612. To convince viewers that their rampant speculation deserved serious
consideration, Defendants spliced in a clip of a blonde girl stealing a piece of pineapple from a
young boy, who, in turn, violently grabs the girl by the wrist.
613. Upon information and belief, Defendants had actual knowledge and failed to
disclose that a Boulder PD analysis after the autopsy determined that JonBenét’s small intestine
had the remnants cherries, grapes, and pineapple – common fruit cocktail ingredients. Yet,
because the presence of cherries and grapes completely undermine Defendants’ series of events,
Defendants consciously failed to share that information with viewers. Instead, Spitz merely
asked “Did the pathology report indicate what the pineapple looked like, or the gastric contents?”
Page 106 of 113

614. Further, the Pseudo-Experts were aware that the presence of the fruit cocktail in
JonBenét’s stomach does not establish a concrete timeline from which investigators may
estimate her time of death, and that the minimum amount of time it would require for the fruit to
get to JonBenét’s lower intestine undermined the theory that it “started the cascade of the rest of
events that happened on the day she died.”

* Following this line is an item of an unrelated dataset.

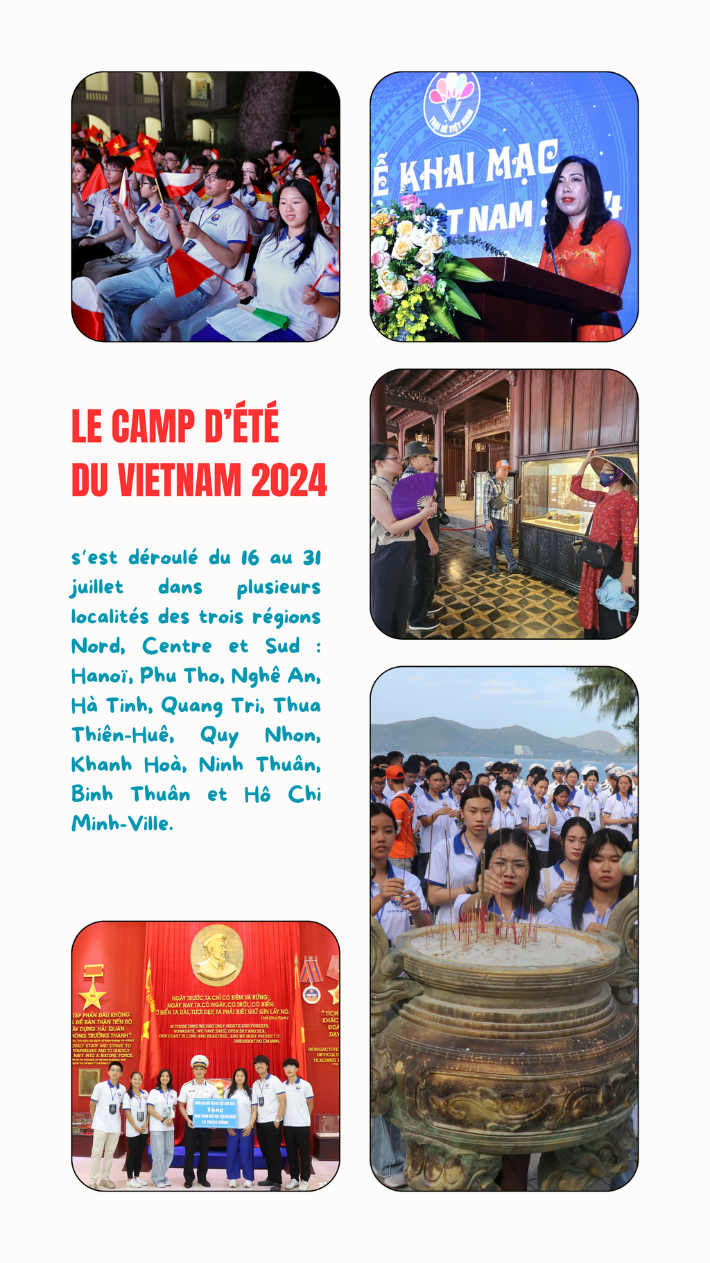 Le Camp d’été du Vietnam 2024 s’est déroulé du 16 au 31 juillet dans plusieurs localités des trois régions Nord, Centre et Sud : Hanoï, Phu Tho, Nghê An, Hà Tinh, Quang Tri, Thua Thiên Huê, Quy Nhon, Khanh Hoà, Ninh Thuân, Binh Thuân et Hô Chi Minh-Ville.
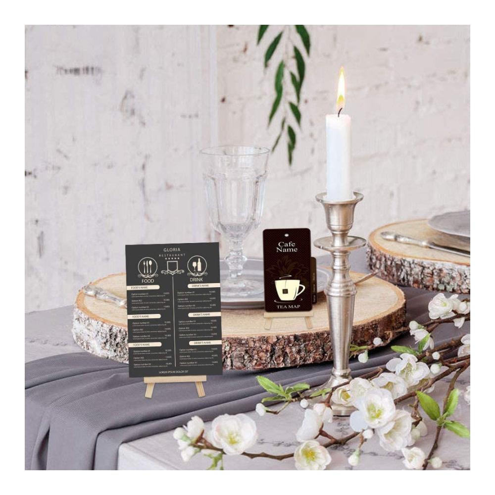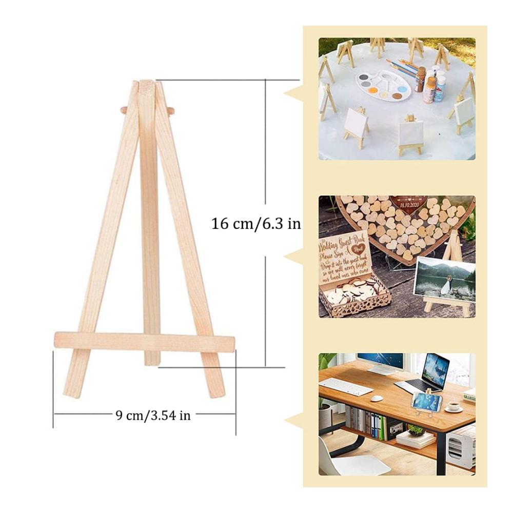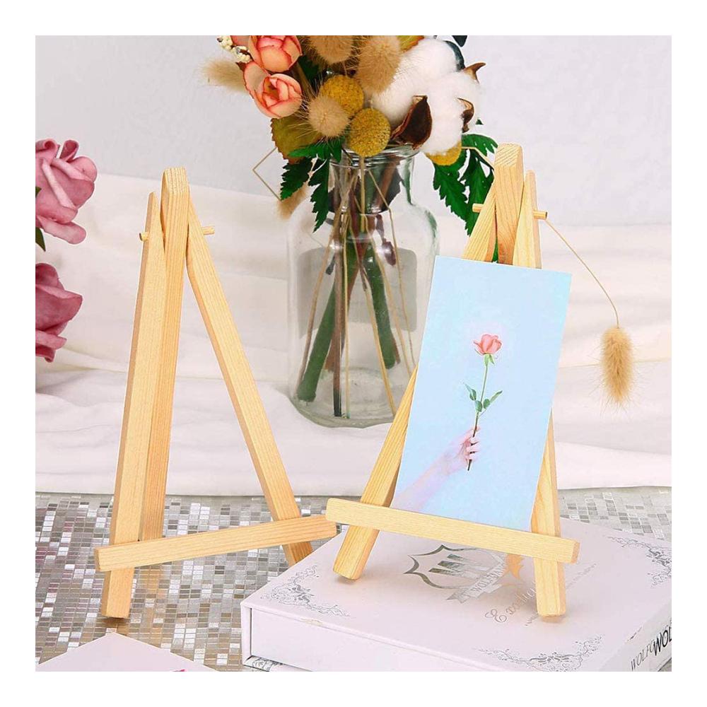 Weit verbreitet: Sie können diese hölzernen Staffeleien verwenden, um kleine Kunstwerke wie Karten, Menüs, Bilder, kleine Gemälde, Fotos und sogar Inhaber von Visitenkarten für Hochzeiten anzuzeigen.

615. Defendants also knowingly failed to disclose that the amount of time it would
have taken the pineapple to travel to JonBenét’s small intestine is fundamentally inconsistent
with the Burke-did-it accusation.
616. Defendants had no factual basis for speculating that JonBenét took a piece of
Burke’s pineapple, much less that her fingerprints were not present on Defendants’ purported
smoking gun because she only “snatched one piece.”
617. Upon information and belief, Defendants knowingly failed to disclose that there
was more than one piece of fruit in JonBenét’s digestive tract.
618. Upon information and belief, Defendants knowingly failed to disclose that there
was more than one type of fruit in JonBenét’s digestive tract.